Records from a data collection
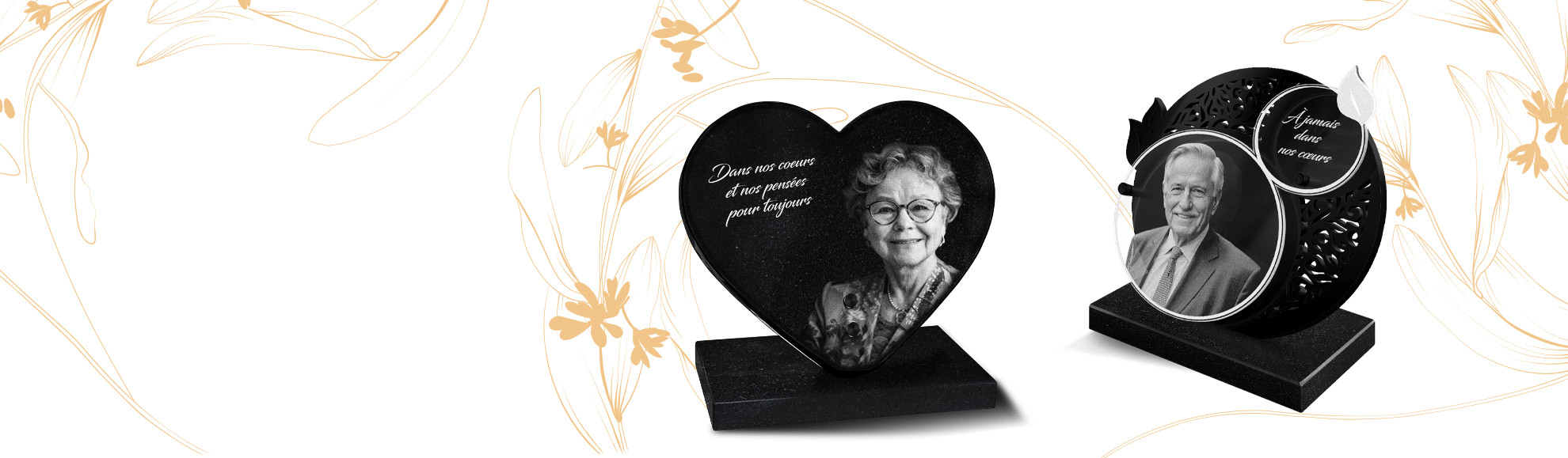 Découvrez notre catalogue de modèles sur différents thèmes prêts à être personnalisés avec la photo et le texte de votre choix. Vous trouverez également une variété de pictogrammes disponibles, pour pousser la personnalisation un peu plus loin et créer une plaque funéraire unique pour honorer la mémoire de votre être cher.
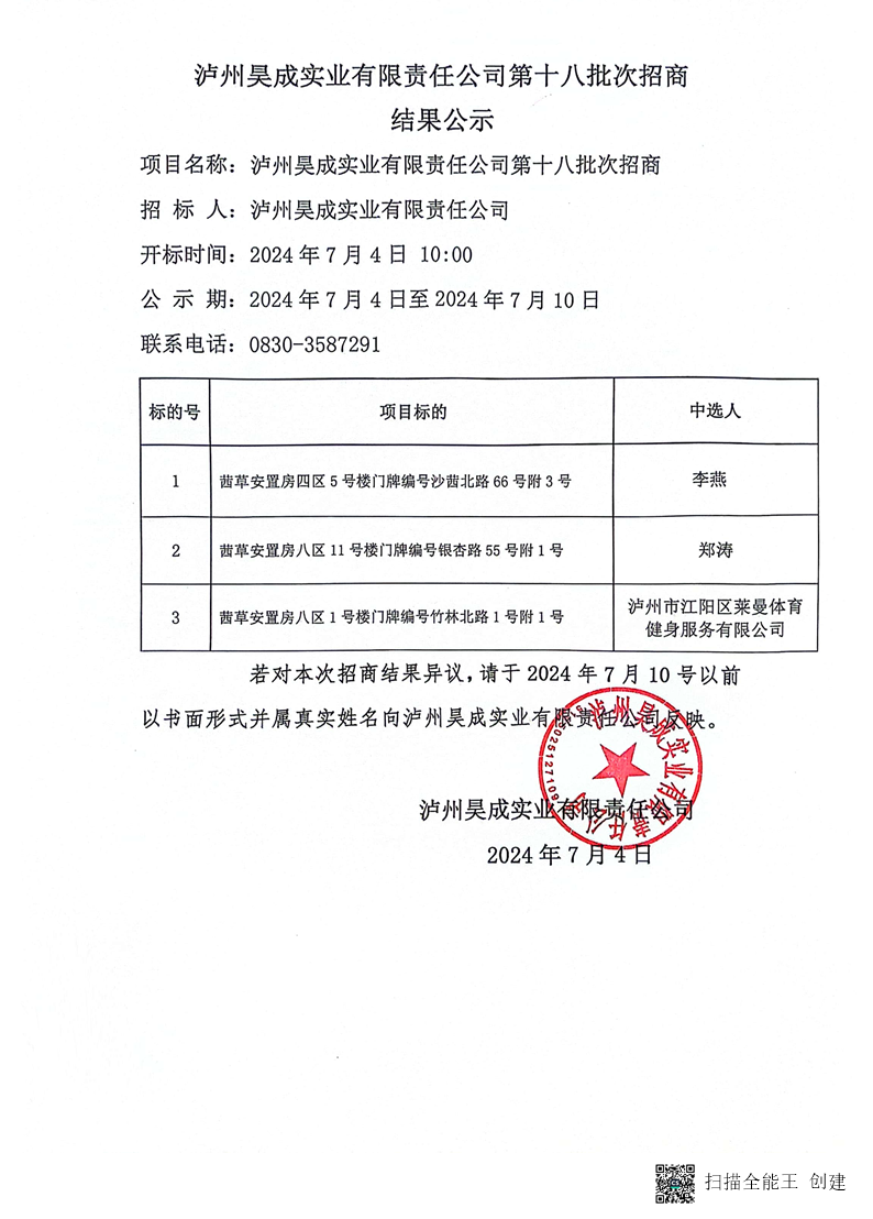 瀘州昊成實業(yè)有限責(zé)任公司第十八批次招商結(jié)果公示
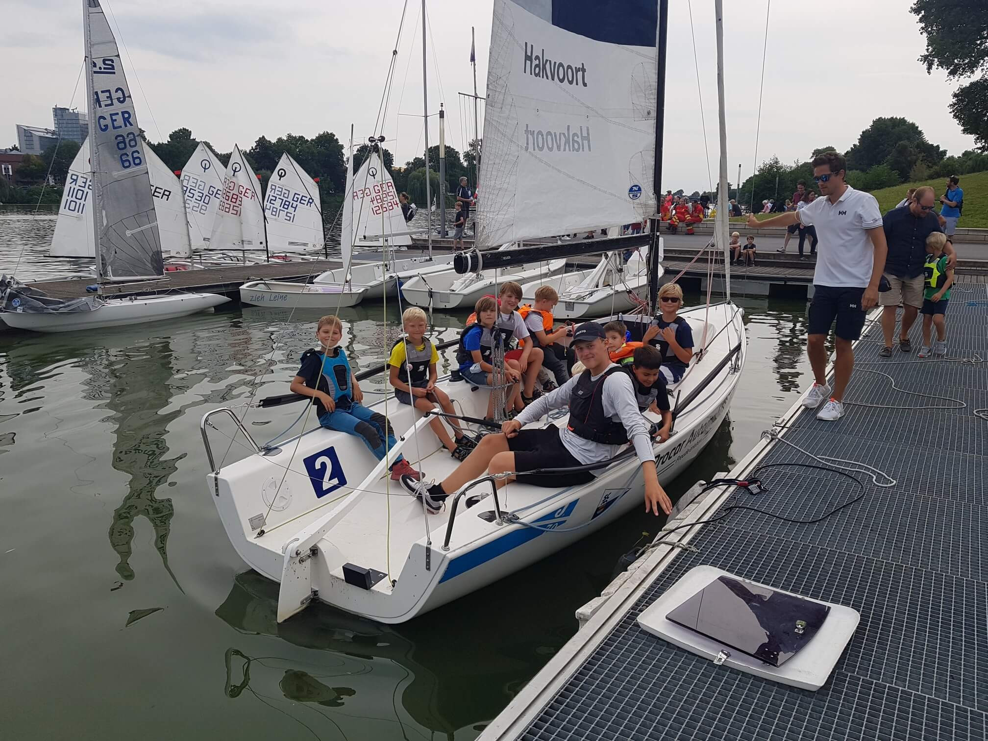 Nachdem nun wirklich Mangels Wind nichts mehr ging, packten die großen und kleinen Segler zusammen und holten die Boote aus dem Wasser. Die Renn Profis fuhren noch einmal eine Runde mit den Optikindern auf den J70 Rennyachten und dann gab es eine umjubelte – aber nicht wirklich ernsthafte- Siegerehrung.
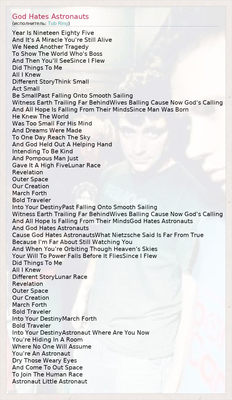 А как ты думаешь, о чем песня "God Hates Astronauts" ?
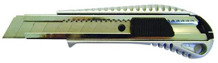 Fém vágókés törőpengével, ütközőkkel ellátott pozicionáló csúszkával meghosszabbítva, pengeszélesség 18 mm. Buborékcsomagolásban szállítva. Mérete: 155x40x10mm.

> TASK GOAL
Repeat each record exactly, with the pictures left out.

> YOUR RESPONSE
 Découvrez notre catalogue de modèles sur différents thèmes prêts à être personnalisés avec la photo et le texte de votre choix. Vous trouverez également une variété de pictogrammes disponibles, pour pousser la personnalisation un peu plus loin et créer une plaque funéraire unique pour honorer la mémoire de votre être cher.
 瀘州昊成實業(yè)有限責(zé)任公司第十八批次招商結(jié)果公示
 Nachdem nun wirklich Mangels Wind nichts mehr ging, packten die großen und kleinen Segler zusammen und holten die Boote aus dem Wasser. Die Renn Profis fuhren noch einmal eine Runde mit den Optikindern auf den J70 Rennyachten und dann gab es eine umjubelte – aber nicht wirklich ernsthafte- Siegerehrung.
 А как ты думаешь, о чем песня "God Hates Astronauts" ?
 Fém vágókés törőpengével, ütközőkkel ellátott pozicionáló csúszkával meghosszabbítva, pengeszélesség 18 mm. Buborékcsomagolásban szállítva. Mérete: 155x40x10mm.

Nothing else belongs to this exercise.